The photographer is none other then my mother who never misses a moment to take a photo. This photograph means a lot to me because my Grandpa and I were very close. I remember being upon his knee many times. He used to give me his ice cream and call me “pug”. I love this photograph because I can see the happiness in both of our faces, mine full of wonder, and his full of content. I also love it because I am unconcerned with the camera that captures this purely innocent moment in time. I used to carry this photo around with me most of the time, kind of like a good luck charm. Naturally the photo is worn and rather beat up due to being folded and unfolded time after time. But now it sits in a safe place taped back together as best I could manage. I ripped the photo after my Grandpa’s funeral when I was seventeen. He was the first immediate family member of mine to die that I remember and it was my first funeral. I remember getting mad at myself for not being able to cry when my father told me the news. I was shocked, I’m not even sure if I responded to him. I didn’t cry until the two days when I went to his funeral in Virginia and saw the open casket. After I went back home I took the photo out of my back pocket and tore it out of anger and sorrow. I didn’t get to say goodbye and even worse, my mother didn’t, his own daughter. I don’t think the pain losing someone you love ever goes away but with time the pain dulls and you learn to move on.

I’m not sure whether I would have wanted to see him or not though. Over the two years leading up to his death, Alzheimer’s slowly took a hold of him and he could barely remember whom I was. I remember the first time he didn’t know my name; it broke my heart. If I would have been there and he didn’t remember me I don’t think I could have handled it. Minutes after destroying the photo I broke into tears and frantically searched for tape to fix my hasty mistake.
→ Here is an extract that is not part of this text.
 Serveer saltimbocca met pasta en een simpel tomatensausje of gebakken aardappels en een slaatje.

Ever since then I have not been able to take the photo anywhere for fear of losing it for good.

When I look at the photo I can smell a Virginia summer’s night and picture me asleep next to my Grandpa on the swinging porch chair while he smokes and looks out into the dark. I wonder if he was ever looking for anything in particular or if he was simply looking. He had a great since of humor; he often told me jokes and would always talk about being a hooligan in his youth. The house seems so empty now when we visit my Grandmother and I know it takes a toll on her. I can’t fathom being married to someone for 56 years and then losing them. My mother grew up in that house and my brother and I have shared good memories there as well. I feel like I go back in time when I visit her in Stanton.
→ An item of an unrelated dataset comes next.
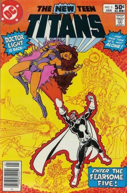 Dr. Light recruits his own super-team of villains, including Mammoth, Shimmer, Gizmo, and Psimon, to battle the New Teen Titans. Meanwhile, Starfire relates to her teammates the story of how she was sold into slavery as a child to end a war that had ravaged her home planet. Raven abruptly appears and sends the Titans into an inconclusive battle with the newly-formed Fearsome Five. She then discovers that one of the villains, Psimon, is secretly an agent of Trigon, the menace she had originally organized the Titans to battle. Later, as the Titans investigate the “Titans Tower” headquarters which has been built for them by parties unknown, Raven reveals a connection between Trigon’s planned takeover of Earth and the heroes of the Justice League of America. Before they can act on this information, all the Titans except Raven are defeated and captured in a second battle with the Fearsome Five.
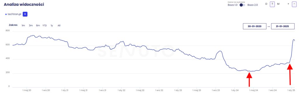 Pierwsza strzałka na wykresie to początek kwietnia, czyli moment rozpoczęcia współpracy przy pozycjonowaniu strony, a druga strzałka to połowa grudnia gdy widoczność zaczęła dynamicznie rosnąć.

My Grandpa always smoked for as long as I can remember and he had no health complications due to smoking. This always amazed me because on the opposite hand smoking killed my dad’s mom. He also had dentures because he liked candy to much as a kid and boy did ever love it when he was old. He had trouble walking in the last of his years which sadly left him in his recliner most of the time but every now and again we would go to the park to feed the ducks or listen to the band in the summer evening. He loved to go on drives and get out of the house. My mom said he used to love to fish as well, he taught me how to fly fish when I was about ten but I wasn’t any good at it. Almost all of my memories with him are good ones and I am thankful for that.

This photo doesn’t help me know my Grandpa or tell me anything about him or make me remember him better. It does something more then that. It starts a chain reaction of vivid memories and smells that play like a dream in my mind. This photo helps me remember my Grandpa the way I want to remember him before he couldn’t remember me. Before he started deteriorating and having to watch helplessly, unable to do anything about it. He was a kind and gentle man. He never brought any harm to anything be it plant, animal, or human. He provided for his family and was the best husband/dad/grandfather he could be. In a way I think it’s silly that I place so much importance upon this tiny piece of ripped paper but at the same time I am glad I do because it reminds me the moment actually happened. Without it I’m sure I would remember my Grandpa the same way as I do now but it’s the only thing I have of him left in the world.